With respect to state regulation of financial solvency, certain of our licensed insurance subsidiaries are subject to regulation under state insurance holding company regulations. These regulations generally require, among other things, prior approval and/or notice of certain material transactions, including dividend payments, purchases or sales of assets, intercompany agreements, and the filing of various financial and operational reports. The amount of dividends that may be paid to us by these insurance subsidiaries, without prior approval by state regulatory authorities, or ordinary dividends, is limited based on the entity's level of statutory income and statutory capital and surplus. Actual dividends paid may vary due to consideration of excess statutory capital and surplus and expected future surplus requirements. We continue to maintain our levels of aggregate excess statutory capital and surplus in our state-regulated operating subsidiaries. Dividends from our non-insurance companies are generally not restricted by departments of insurance.
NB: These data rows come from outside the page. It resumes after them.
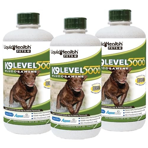 LIQUIDHEALTH Pets K9 Liquid Glucosamine Level 5000 for Large Dogs with Chondroitin, MSM, Boswellia Serrata – Dog Hip & Joint Health Vitamins for Dog Joint Pain, Pet Joint Oil Juice – USA Made (3 Pack)
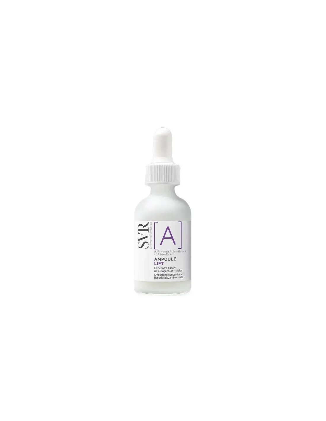 La fórmula de SVR AMPOULE LIFT A está enriquecida con un 0,3% de retinol puro, conocido por sus propiedades renovadoras y antiedad. También contiene ingredientes hidratantes y calmantes que compensan el efecto potencialmente irritante del retinol, permitiendo su uso en pieles sensibles con las precauciones adecuadas.
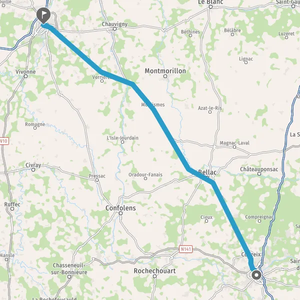 Au rond-point, prendre la 1ère sortie sur N147 (Route de Poitiers) et continuer sur 27 kilomètres
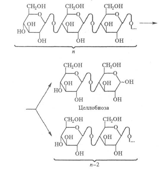 Целлюлазы второго типа гидролизуют молекулы целлюлозы, образуя почти исключительно целлобиозу, к-рую они отщепляют с невосстанавливающего конца полисахарида (п - число звеньев цепи):
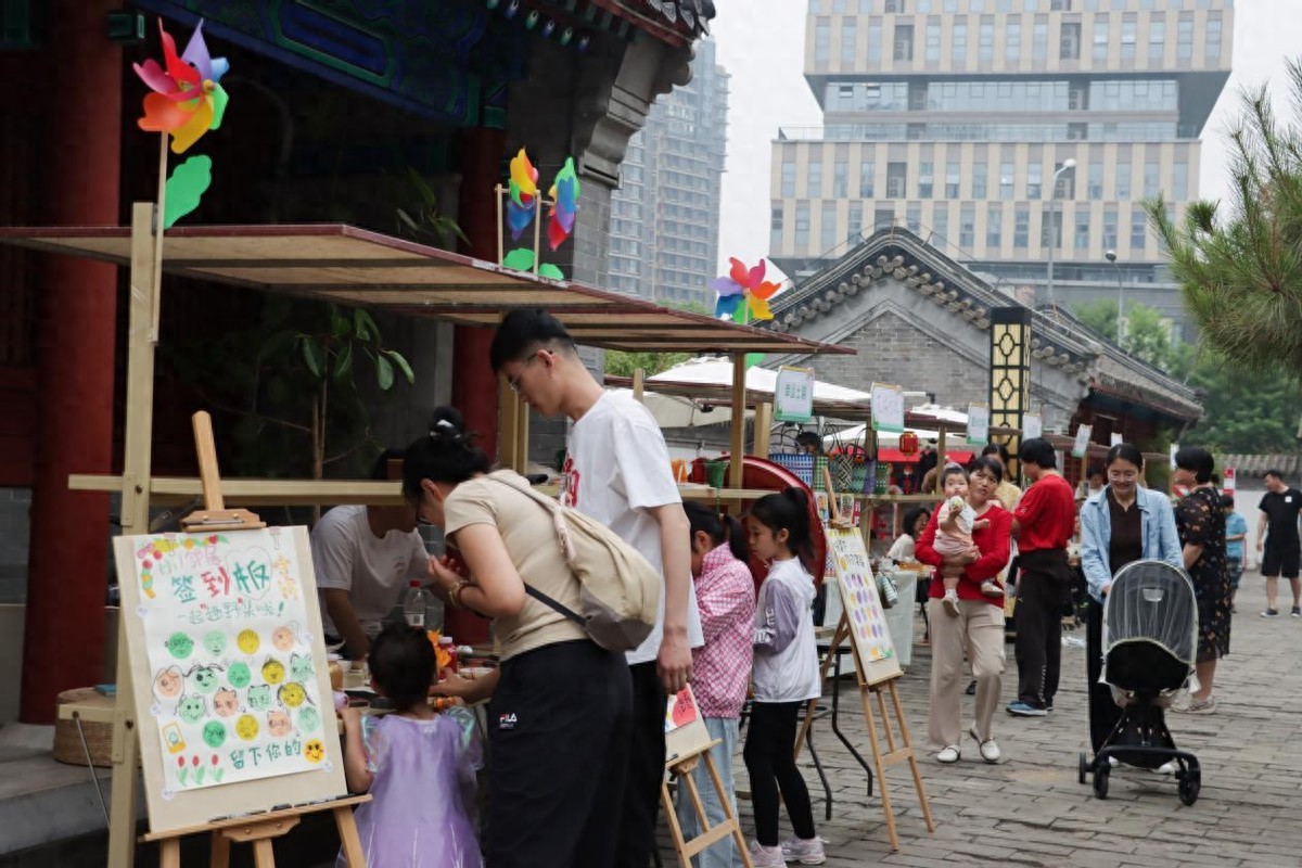 当艾草清香与孩童嬉笑一同漫过百年古寺,当汉砖纹样在宣纸上苏醒又被小心珍藏进衣袋——这个端午,寺锦·回龙观城市会客厅化身为一座流动的文明乐园。5月31日,寺锦“文明有约,爱‘新’来聚”端午特别活动中,两千多位居民以巧手共拓文化,以温情同享市集烟火,为社区注入融融暖意。
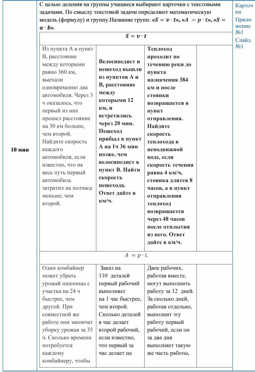 целью деления на группы учащиеся выбирают карточки с текстовыми задачами. По
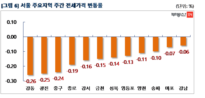 서울은 송파구 헬리오시티 등 강남권 대규모 입주에서 시작된 전세가격 하락세가 강동을 넘어 광진, 중구, 종로 일대로 확산되는 분위기다. ▼강동(-0.26%) ▼광진(-0.25%) ▼중구(-0.24%) ▼종로(-0.19%) ▼강서(-0.16%) ▼금천(-0.15%) 순으로 하락했다. 강동은 암사동 프라이어팰리스가 1,000만원, 명일동 삼익그린2차가 1,000만원-1,500만원 떨어졌다. 광진은 자양동 더샵스타시티가 2,500만원, 광장동 광장현대9단지가 2,000만원 하락했다. 중구는 신당동 남산타운이 500만원-1,000만원, 종로는 숭인동 롯데캐슬천지인과 창신동 브라운스톤창신이 250만원-1,750만원 떨어졌다.
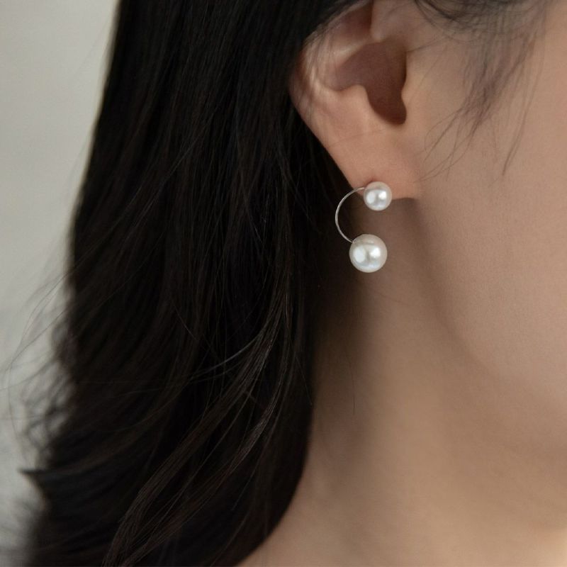 pc1734お洒落の質感がぐっと高まる、シルエットの綺麗なパールピアス。

If any of our plans or operations are found to violate these or other applicable government laws or regulations, we could suffer severe consequences that would have a material adverse effect on our business, results of operations, financial condition, cash flows, reputation and stock price, including:
- suspension or termination of one or more of our plans;- refunds of amounts received in violation of law or applicable payment program requirements dating back to the applicable statute of limitation periods;- loss of our required government certifications;- loss of our licenses required to operate our clinics and in-house care delivery programs;- criminal or civil liability, fines, damages or monetary penalties for violations of healthcare fraud and abuse laws, including the federal Anti-Kickback Statute, Stark Law and FCA, or other failures to meet regulatory requirements;- enforcement actions by governmental agencies and/or state law claims for monetary damages by members who believe their PHI has been used, disclosed or not properly safeguarded in violation of federal or state patient privacy laws, including HIPAA and the Privacy Act of 1974;- mandated changes to our practices or procedures that significantly increase operating expenses;- imposition of and compliance with corporate integrity agreements that could subject us to ongoing audits and reporting requirements as well as increased scrutiny of our billing and business practices which could lead to potential fines, among other things;- termination of various relationships and/or contracts related to our business, including joint venture arrangements, medical director agreements, real estate leases and consulting agreements with physicians; and - harm to our reputation which could negatively impact our business relationships, affect our ability to attract and retain members and physicians, affect our ability to obtain financing and decrease access to new business opportunities, our ability to develop relationships with providers, among other things.